No jargão editorial, diz-se que ler uma grande obra traduzida é como beijar uma bela mulher através de um véu. Não por acaso, portanto, a cena de abertura mostra a delicada derrière da personagem vivida por Scarlett Johansson (ou a ela atribuída), vestida por não mais que uma calcinha semitransparente. Nada seria tão eloquente.
No filme, a supracitada personagem, Charlotte, e Bob Harris (Bill Murray), dois norte-americanos, se veem em Tóquio perdidos em um imenso vazio emocional, mais vazio ainda porque tudo que os circunda parece ininteligível.
Porém o título não se refere apenas aos dois heróis atordoados com a língua estrangeira, mas sobretudo ao próprio lugar onde a ação se ambienta.
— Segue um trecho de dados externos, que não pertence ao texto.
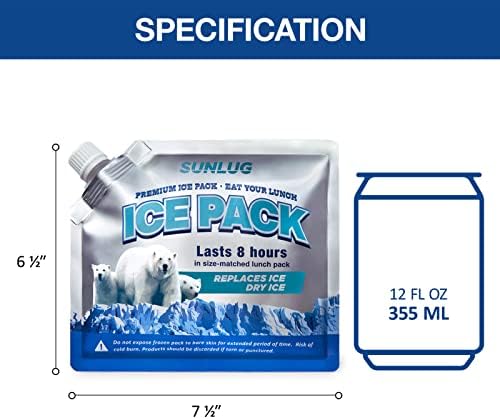SUNLUG Cooler Ice Packs ——A substitute for traditional ice cubes & regular water and has a Colder & Faster & Longer cooling performance. Key Features & Specs Each ice pack size - 9.75 x 9.75 x 1 inches Included in a set - three corks & one funnel Each pack need fill in 28 ounces(3 1/2 cups of 8oz)of water Save more space for your coolers & Extended the food and drinks cooling time. Add Water Once & Reusable The inside of the ice pack is filled with a proprietary cooling gel mixture, just add water at home, shake and seal, and then turn it into a solid block after freezing, which creates a reusable ice pack. Superior Cooling Performance SUNLUG ice packs start out at freezer temperature and gradually heat up. Throughout the melting process, ice packs maintain the advantage of a lower melting point than traditional ice cubes. When the ice starts to melt and warm in your cooler, ice packs still remain cold, even as they begin to thaw. REUSABLE Just add water once and return the ice packs to the freezer after using and they'll be ready for your next outing. Save your money spending on ice cubes. LONG LASTING COLD Colder & Faster & Longer Ice Packs, the best ice alternative. Keep your food and drink chilled longer. NON-TOXIC Feel safe using cool coolers and sending them with your kids. Keep your food or drinks cold for a long time. BPA FREE SUNLUG Ice Packs made of high-quality BPA-Free materials. Designed to keep cool without harming the environment, and promote sustainability.
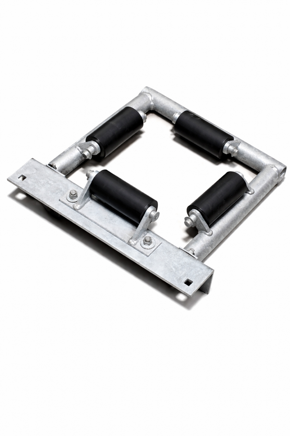 Merco Marine's heavy-duty roller pile holders are made with 1 ½" ID pipe and include 3 - 6" poly rollers, deck plate, and 1 - H-RA roller assembly. Merco offers - custom sizes of these also available - deck plates can be used on the wood dock or truss frames.

O Japão para o qual Sofia Coppola aponta sua câmera é aquele que mergulhou de cabeça nas referências, no modus operandi, no consumismo, no hedonismo ocidentais. O que seus planos abertos e pacientes travellings atestam, porém, não é a importação bem-sucedida de valores, mas a gigantesca perda de sentido ocorrida quando se tentou traduzir a cultura estrangeira. Tudo está lá: a indústria do entretenimento, a estetização política e econômica, o espetáculo. Um espetáculo tão agressivo que parece ter se alienado da função de comunicar algo, até mesmo para os japoneses.
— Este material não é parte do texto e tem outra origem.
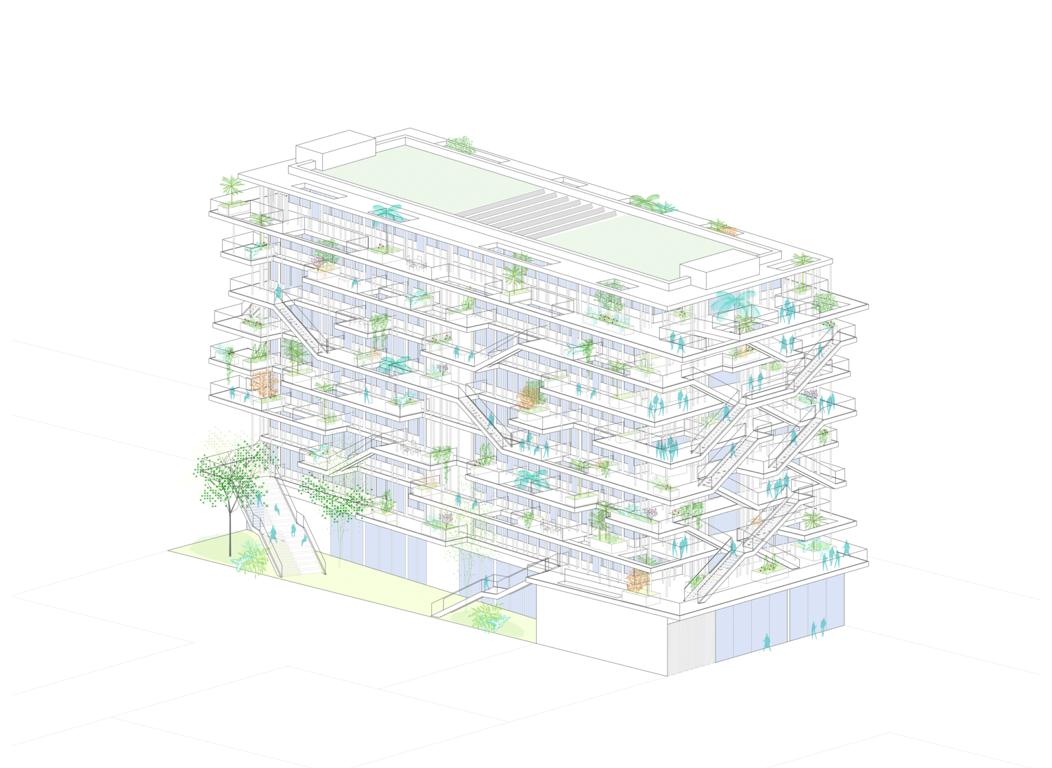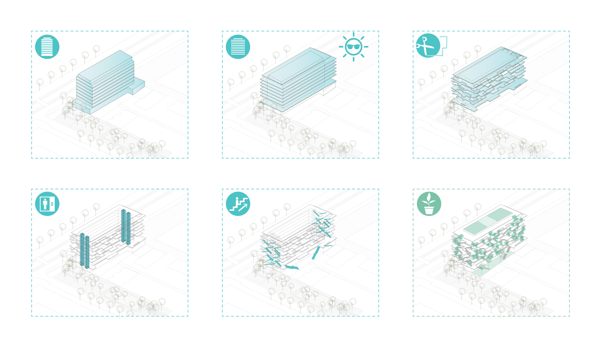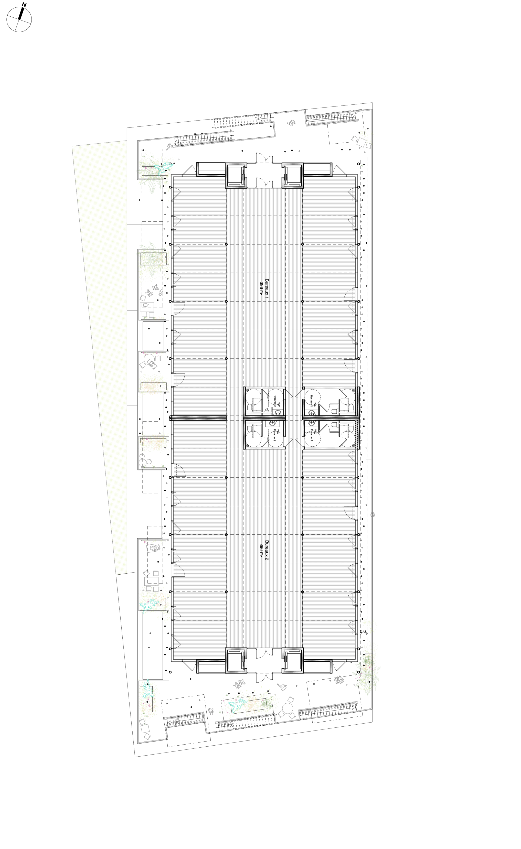 L’organisation traditionnelle d’un immeuble de bureaux est ici inversée. Les circulations habituellement disposées au coeur du bâtiment viennent animer les façades avec une ouverture totale sur l’espace public. Le bâtiment s’ouvre ainsi totalement sur son environnement.

Os imensos e inúmeros outdoors são ilegíveis. Um elefante passeia por sobre a fachada de um prédio. Jovens eufóricos apertam botões coloridos em fliperamas coloridos, olhando para telas ainda mais coloridas onde muitas coisas acontecem mas nada parece acontecer. Falta sentido.
O resultado é que a Fórmula 1, ao pousar em Sepang, Sakhir, Xangai ou algum similar, parece tão deslocada quanto a jovem senhora Charlotte ou o velho imaturo Bob.
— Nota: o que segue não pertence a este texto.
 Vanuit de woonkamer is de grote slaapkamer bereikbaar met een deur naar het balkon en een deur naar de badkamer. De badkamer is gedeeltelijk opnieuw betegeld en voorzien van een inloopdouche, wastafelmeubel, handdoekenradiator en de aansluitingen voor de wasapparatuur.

Charlotte e Bob se angustiam não apenas por não encontrar nada que faça sentido à sua volta, mas também por não encontrar sentido em si próprios. De forma análoga procede a Fórmula 1. A categoria se afasta cada vez mais de seu público, os conflitos dos bastidores explodem, as manobras políticas chamam mais a atenção do que as que os pilotos fazem em pista. E o espectador não consegue mais ver nesse espetáculo algum propósito: mais uma vez, tudo parece ininteligível.
Já não é de agora que a Fórmula 1 vem perdendo seu sentido. Mas ao contrário do caos da capital japonesa, Sofia Coppola não vai poder nos revelar a poesia perdida ou escondida nas pistas.